I took my butt to bed. I might have even fallen asleep before my son, before my almost five year old. But I woke up at four ish and picked up my phone, like I imagine many of you guys did, saw the news, saw the latest news anyway, the way it's going, and you know, it really brought me back to twenty sixteen. It was very similar. I had gone to bed because I couldn't bear the sadness, and I woke up to a very different reality than I had expected.

And I walked out into my kitchen. Well, first I rolled over and I didn't see my husband, and I saw my son in bed with us, because of course he is because again five years old, and I was like,

where's my enery case. I walked out into the kitchen and was standing there in the middle of a spec like spotless clean kitchen, sparkling clean, and he had cleaned the whole kitchen and the floors were clean and the counters were clean, and he was just standing there and the kind of semi darkness, and I just looked at him and I said, Babe, I can't believe this. I can't believe this. And I just started to cry and I walked over to him and he put his arms

around me. And my husband is very He's not a super emotional, like outwardly emotional guy. I think like a lot of couples who, you know, you have one person who's on the more emotional side. The other person just

like balances them out. And he definitely is that. He definitely mellows me out, and honestly, in the past, it's something that's kind of driven me nuts because I'm super passionate, and you know, I'm very vocal and i feel things very deeply, and sometimes it can feel like I don't have, you know, someone on the other side who like kind of gets my energy and is more like exhausted by it.
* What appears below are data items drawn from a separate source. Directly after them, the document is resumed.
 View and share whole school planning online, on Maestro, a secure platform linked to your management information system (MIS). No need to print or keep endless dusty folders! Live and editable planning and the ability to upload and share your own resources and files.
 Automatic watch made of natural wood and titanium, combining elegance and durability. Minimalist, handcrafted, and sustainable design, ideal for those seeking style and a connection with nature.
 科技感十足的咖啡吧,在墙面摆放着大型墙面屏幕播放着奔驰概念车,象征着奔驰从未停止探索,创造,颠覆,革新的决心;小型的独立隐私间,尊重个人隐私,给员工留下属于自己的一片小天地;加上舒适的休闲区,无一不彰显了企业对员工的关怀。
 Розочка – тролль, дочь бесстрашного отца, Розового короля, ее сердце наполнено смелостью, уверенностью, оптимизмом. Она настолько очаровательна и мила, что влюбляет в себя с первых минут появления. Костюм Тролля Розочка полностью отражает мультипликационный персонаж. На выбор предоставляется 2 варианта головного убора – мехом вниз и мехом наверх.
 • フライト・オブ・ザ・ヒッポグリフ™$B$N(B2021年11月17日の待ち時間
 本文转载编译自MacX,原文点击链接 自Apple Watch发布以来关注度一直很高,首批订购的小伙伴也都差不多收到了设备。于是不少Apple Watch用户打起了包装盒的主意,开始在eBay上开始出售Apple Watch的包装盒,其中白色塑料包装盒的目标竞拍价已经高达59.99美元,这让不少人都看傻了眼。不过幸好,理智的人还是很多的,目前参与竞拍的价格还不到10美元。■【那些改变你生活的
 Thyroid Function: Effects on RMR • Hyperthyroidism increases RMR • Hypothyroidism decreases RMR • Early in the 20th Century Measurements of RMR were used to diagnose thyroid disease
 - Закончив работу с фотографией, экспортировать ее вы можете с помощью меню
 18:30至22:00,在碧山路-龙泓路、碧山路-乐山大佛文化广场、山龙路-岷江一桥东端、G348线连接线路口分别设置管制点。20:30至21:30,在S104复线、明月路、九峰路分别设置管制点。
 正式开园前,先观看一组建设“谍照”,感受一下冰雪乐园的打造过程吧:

But there's there's like these magical moments in our relationship where I just kind of am like, Okay, I understand this is the balance that I need. So he put his arms around me, and he he just said, listen, this is not the outcome that I expected or was hoping for, but for the sake of the boys, please we can't let this. We can't let this. What were his words, something like, we can't let this get us too down. We have to keep going and we have

to stay positive. And he just kept saying, for the good of the boys, please don't let this consume you. That's what he said, Please don't let this consume you.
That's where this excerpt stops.